Great Lake Swimmers – Uncertain Country

Publié par le 8 octobre 2023 dans Chroniques, Toutes les chroniques

(Pheromone Recordings, 28 avril 2023)

Parmi la poignée de groupes « alternative folk / country » ayant émergé ces vingt dernières années dans le sillage de Calexico, Wilco ou Whiskeytown, pour ne citer que les plus célébrés, les Canadiens de Great Lake Swimmers sont sans doute les plus discrets. En France, ils ont toutefois connu un succès d’estime grâce aux efforts du label Fargo, qui sortit ici leurs deux premiers albums. Je dis « ils » ou « leurs », mais le « groupe » a toujours été essentiellement un véhicule pour jouer les chansons de son leader Tony Dekker, lequel s’est fait accompagner au fil du temps par des formations à géométrie variable. Les débuts sur disque étaient d’ailleurs essentiellement une affaire acoustique, sur laquelle venait se greffer quelques arrangements discrets. Sur scène, hors de son pays, Dekker a souvent dû se résoudre à ne se produire qu’en solo. La musique de Great Lake Swimmers s’est pourtant épaissie de disque en disque, sonnant avec de plus en plus ampleur malgré des moyens relativement limités. En témoigne ce disque, sorti en catimini sur le label Pheromone Records (en licence) il y a quelques mois et qui mérite que l’on s’y attarde un peu.
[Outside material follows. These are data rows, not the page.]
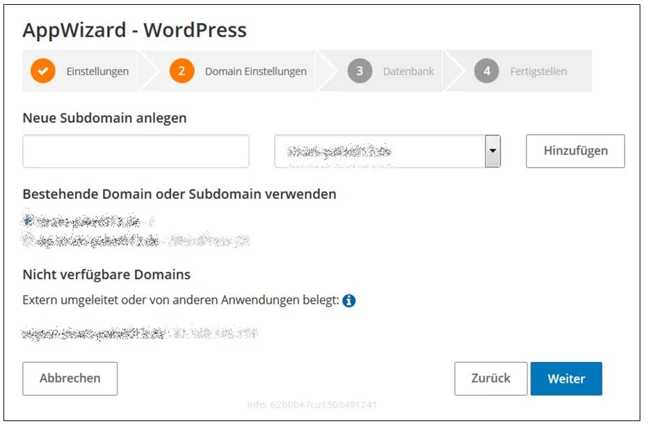Wähle „Weiter“ und im nächsten Schritt die Domain (oder die Subdomain) aus, unter welcher deine WordPress-Webseite erreichbar sein soll. Ist die gewünschte Subdomain nicht aufgelistet, trage in das Feld „Neue Subdomain anlegen“ die gewünschte Subdomain ein und wähle dann „Hinzufügen“.
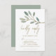This gold veined eucalyptus song request RSVP card is perfect for an elegant wedding. The simple and dainty design features faux gold glitter layering the branches of olive green leaves. Build your wedding guest list and your dance floor song list all at once! This wedding response card conveniently asks guests if they will be able to attend your wedding, and also what song will get them to dance.
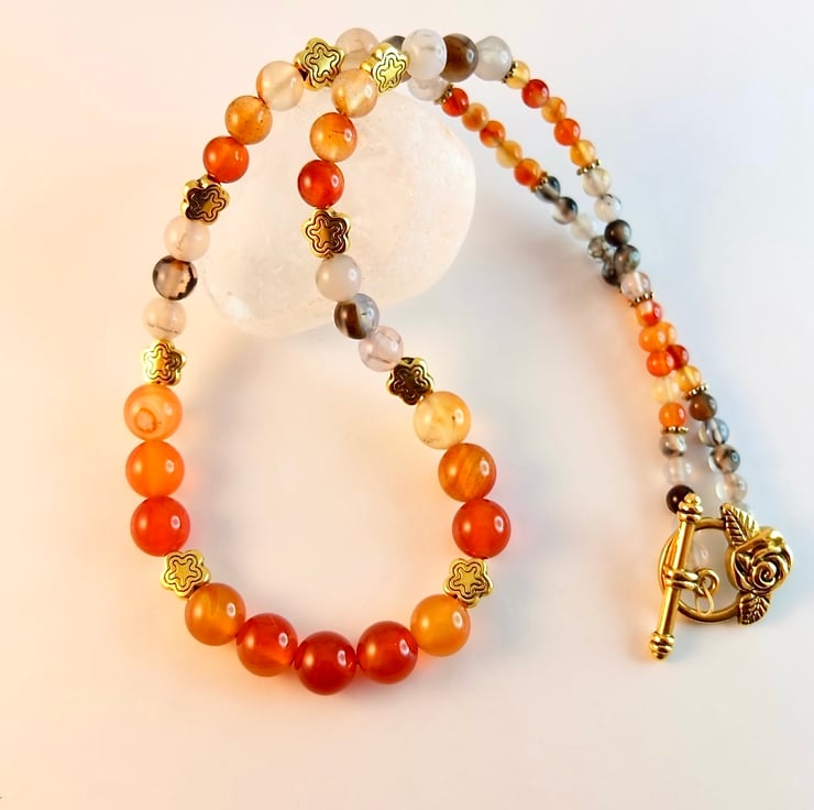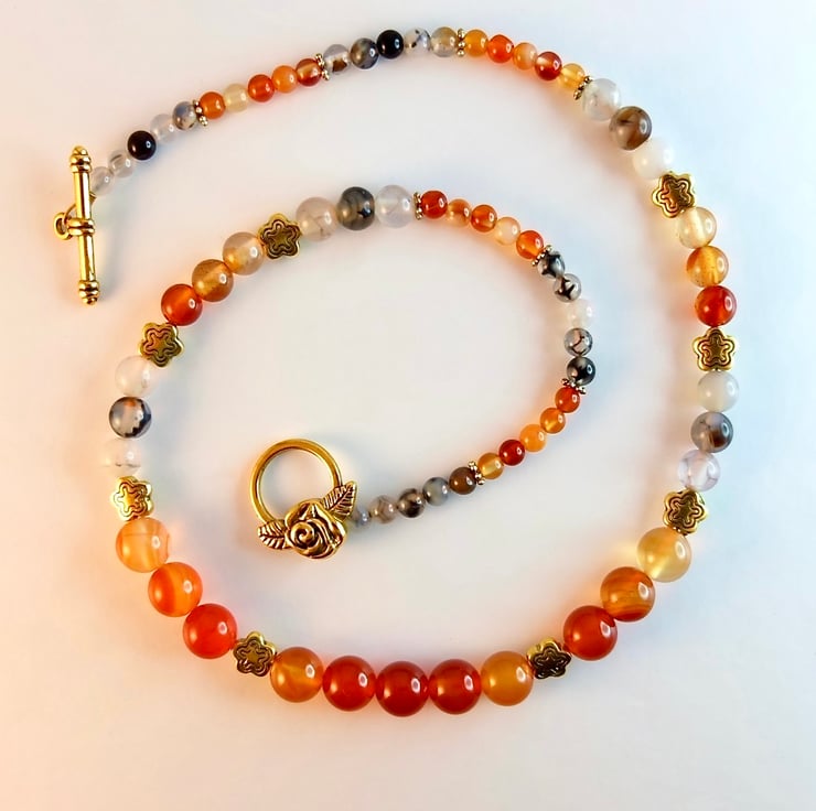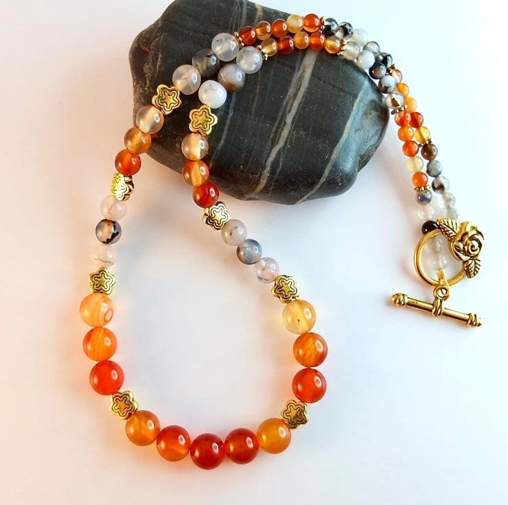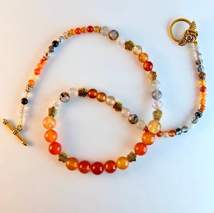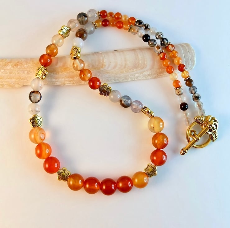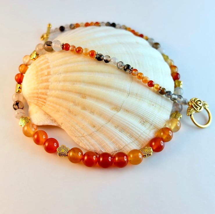 A mix of warm, natural orange Carnelian and light grey dragon vein Agate beads.

Dekker, sur son site, présente ce nouvel album comme ayant fait suite à une période d’incertitude. Conçu sur plus de trois ans, l’album serait issu de démos éparses avant d’être réenregistré avec un groupe. On pourrait penser, à lire cela, que l’on aura affaire à un disque un peu bordélique, pas super cohérent, et sonnant peut-être comme une série d’esquisses. Or, dès le premier morceau, on sent qu’il n’en est rien. « Uncertain Country », le morceau-titre, commence par un son d’ambiance, le claquement de baguettes annonçant le début du morceau mais dès que tout se met en place, c’est un son énorme qui arrive à nos oreilles. En quelques notes, Dekker et son groupe savent parfaitement reconstituer les grands espaces qui donnent leur nom à la formation. On pense à Band of Horses, My Morning Jacket ou Midlake, des groupes qui n’ont jamais hésité à aller taper dans le « big sound » pour créer des émotions de taille cinémascope. Il y a quelque chose dans la dynamique du groupe qui relève en effet plus du shoegaze que de la country ou de la folk. La rugosité n’intéresse pas vraiment Dekker, il cherche à empiler les couches de guitare, à harmoniser les voix. Lorsque l’on regarde les notes de pochettes, cependant, on se rend compte que le groupe est essentiellement recentré autour d’un triptyque guitare/basse/batterie et que ce sont surtout les reverbs qui donnent cette sensation-là, ça et la capacité de l’artiste à ménager scientifiquement ses effets, ajoutant des chœurs féminins ou des cordes quand il le faut. Même réduit à sa plus simple expression, avec une guitare, des chœurs et un genre d’orgue dans le fond, sur le très beau « Moonlight, Stay Above », la formation a quelque chose de quasi-liturgique. On se demande si tout cela n’a pas été enregistré à l’église. Le disque comporte quinze plages mais ses 45 minutes sont pourtant parfaitement séquencées avec l’une des plus belles chansons en antépénultième position, avec ce « Respect for All Living Things » ou encore une fois ce sont les chœurs qui apportent les éléments mélodiques les plus intéressants et font monter la sauce. « Am I Floating in the Air », avec ses cordes aériennes, épouse parfaitement son titre et clôt l’album sur une note impressionnante.

Je ne cherche cependant à vous « survendre » ce disque. Il est surtout destiné à plaire à un public de niche, qui n’a pas été si minoritaire que cela dans les années 2000 : celui que l’on trouvait dans les concerts affichant complets de Fleet Foxes ou dans les festivals « Eldorado », avec des groupes comme Megafaun ou Phosphorescent. Cette musique à la fois douce et ambitieuse qui nous a fait voyager des Appalaches jusqu’à l’Etat de Washington se réécoute avec une grande nostalgie et c’est sans doute avant tout à ce public-là qu’Uncertain Country s’adresse. Cependant, on peut aussi plus simplement se réjouir à l’idée qu’un groupe comme celui-ci continue son bonhomme de chemin quand beaucoup de formations de cette période ont splitté (Megafaun), disparu (Phosphorescent), stagné (Band of Horses) ou pris des directions assez déplaisantes (My Morning Jacket). Great Lake Swimmers, lui, continue de traîner son spleen sur les routes du grand nord américain et le périple vaut largement le ticket d’entrée.